Arab News: King Salman orders free coronavirus treatment in Saudi Arabia, including residency violators. “King Salman has ordered free treatment be provided to all coronavirus patients in all government and private health facilities in Saudi Arabia. The Kingdom’s health minister, Dr. Tawfiq bin Fawzan Al-Rabiah, announced the king’s order at a press conference in Riyadh on Monday and said it included citizens and residents – even those in violation of residency laws.”
Washington Post: ‘We care, we grieve, we love’: Dispatches from doctors, nurses on the front lines in the battle against coronavirus. “An emergency room doctor in New Jersey who had to intubate a fellow physician. A doctor in New York who had to tell her patient’s wife he was dying over FaceTime. An ICU nurse in Michigan who had to spend a 13-hour shift caring for two critically ill patients essentially on her own. These are just some of the firsthand accounts from health professionals in emergency departments and critical care units across the United States that have emerged on social media in recent weeks — providing raw, unfiltered glimpses into the lives of those on the front lines of the country’s battle against the novel coronavirus.”
University of Toronto: U of T researchers create interactive tool to help hospitals plan for COVID-19. “A group of researchers at the University of Toronto’s Dalla Lana School of Public Health have developed an interactive online tool that helps hospitals and other health-care providers estimate their capacity to manage new cases of COVID-19. By taking into account the number of acute and critical care resources available to a specific health-care provider, data on the age distribution and severity of COVID-19 cases and expected duration of patient stays, the online tool helps hospitals model their capacity to respond to the fast-moving pandemic.”

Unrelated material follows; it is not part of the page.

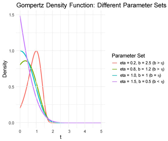 The shape of the Gompertz density function is jointly determined by the parameters (the initial risk intensity) and b (the risk growth rate), and it exhibits two typical patterns, which can be seen in Figure 1. When , the graph of the density function shows a unimodal and right-skewed distribution. It reaches its peak at the mode position and then decays at an exponential rate. When , the density function displays a monotonically decreasing trend, reaching its maximum value at , with . The density function continues to decrease as t increases, without exhibiting any local extrema.

CBS News: How to donate personal protective equipment like masks and gloves to health care workers. “Public health experts have advised people not to stockpile masks — they say only people who are already sick and medical professionals should wear masks. But panicked members of the public had already exhausted existing supplies, leading to widespread shortages. Desperate doctors and nurses are taking to social media to plead for donations of much-needed supplies using the hashtag #GetMePPE. However, it can be difficult to figure out exactly how to get these supplies into the hands of the people who need them.” Good-sized list.
Mashable: Relying on crowdfunding to pay health bills? It’s more common than you might think.. “Researchers from NORC at the University of Chicago recently conducted a survey to learn about the prevalence of crowdfunding health campaigns. It turns out that a large swath of the American public — approximately 50 million, or 20 percent of Americans — have contributed to these sorts of campaigns. What’s more, eight million Americans have started a campaign to help pay for medical expenses for themselves or someone in their household, while 12 million had started a campaign for someone else. According to the researchers’ survey, that’s three percent and five percent, respectively.”

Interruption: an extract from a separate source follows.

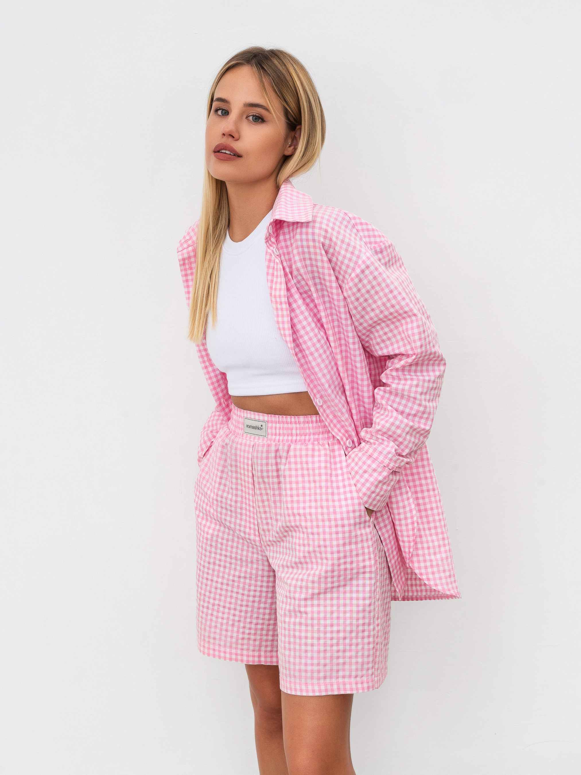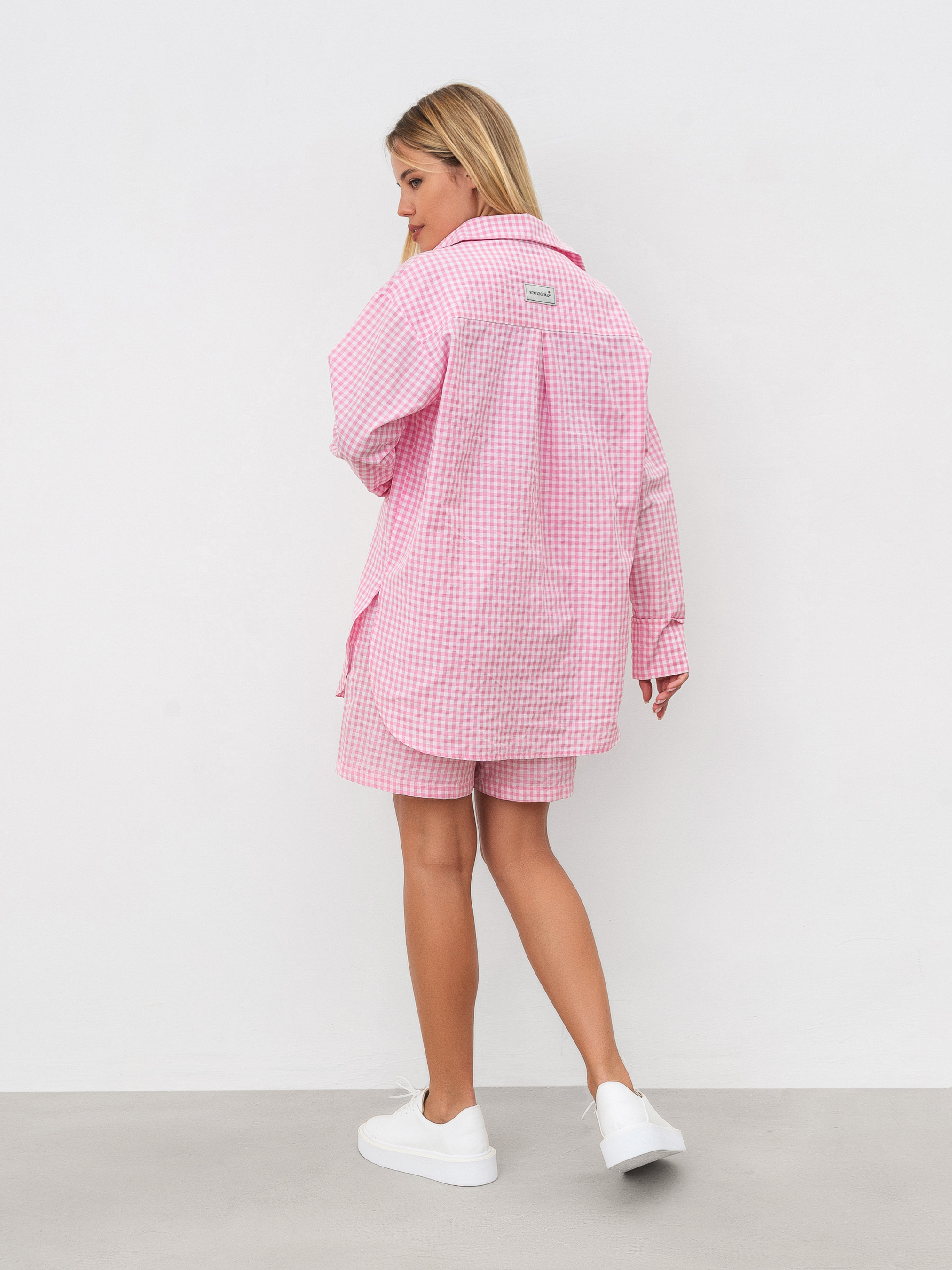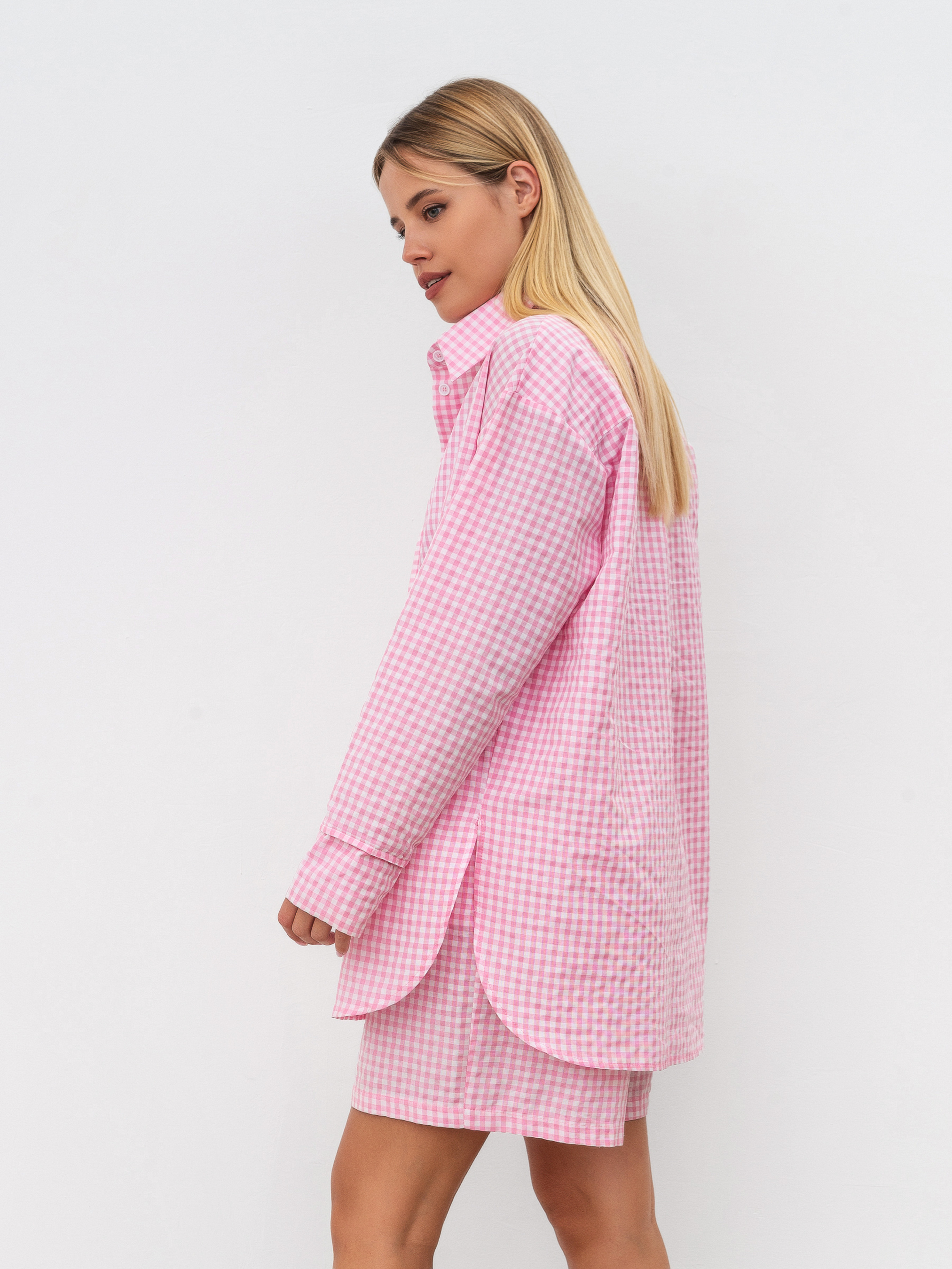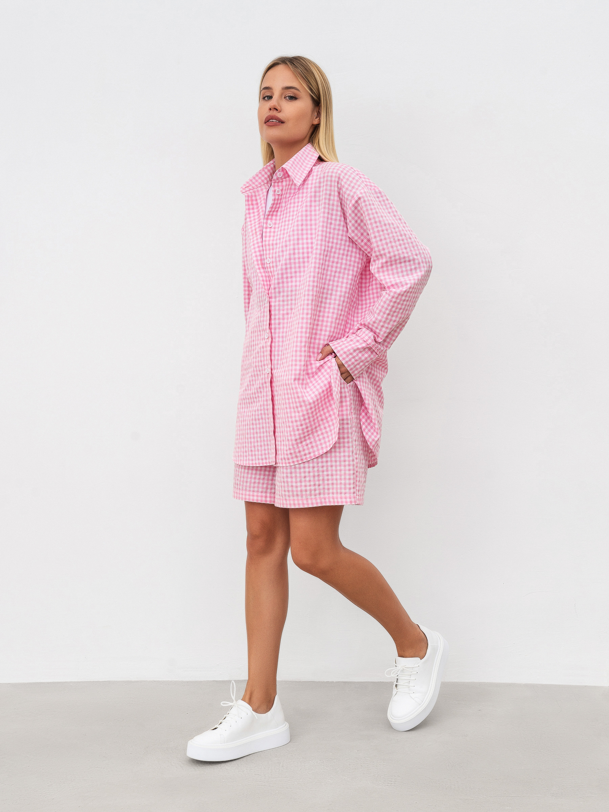 Комплект із подовжених шортів і вільної сорочки. Принт дрібна клітинка. Шорти вільного формату з кишеньками, на талії гумка. Сорочка з м'якими розрізами з боків, вільного фасону. Відмінно можна носити як комплектом, так і окремо. XS-S Довжина по зовнішньому шву : 45 см Довжина по спині : 76 см Довжина рукава : 57 см Напівобхват грудей : 55 см Напівобхват стегон : 50 см Плечі : 51 см Посадка : 29 см Напівобхват талії : 54 см S-M Довжина по зовнішньому шву : 45 см Довжина по спині : 76 см Довжина рукава : 57 см Напівобхват грудей : 59 см Напівобхват стегон : 52 см Плечі : 52 см Посадка : 32 см Напівобхват талії : 56 см M-L Довжина по зовнішньому шву : 45 см Довжина по спині : 76 см Довжина рукава : 57 см Напівобхват грудей : 60 см Напівобхват стегон : 54 см Плечі : 53 см Посадка : 33 см Напівобхват талії : 58 см

BDaily News: Over 27 Million People Affected in Healthcare Data Breaches Last Year. “Bitglass has released its sixth annual Healthcare Breach Report. Each year, Bitglass analyses data from the U.S. Department of Health and Human Services’ ‘Wall of Shame,’ a database containing information about breaches of protected health information (PHI). In 2019, these breaches collectively affected over 27 million individuals. Bitglass’ latest report analyses the breaches of 2019, compares them to those of previous years, and reveals key trends and cybersecurity challenges facing the healthcare industry.”
UCLA Anderson Review: Machine Learning Can Help Reduce Postsurgical Hospital Readmissions. “In a study published in the medical journal Anesthesiology, UCLA Anderson’s Velibor V. Mišić and Kumar Rajaram, Ronald Reagan UCLA Medical Center’s Eilon Gabel and Ira Hofer, and University of Pittsburgh’s Aman Mahajan report devising three ‘machine learning’ models that scored significantly higher than standard statistical programs in predicting which surgical patients were at greatest risk of readmission.”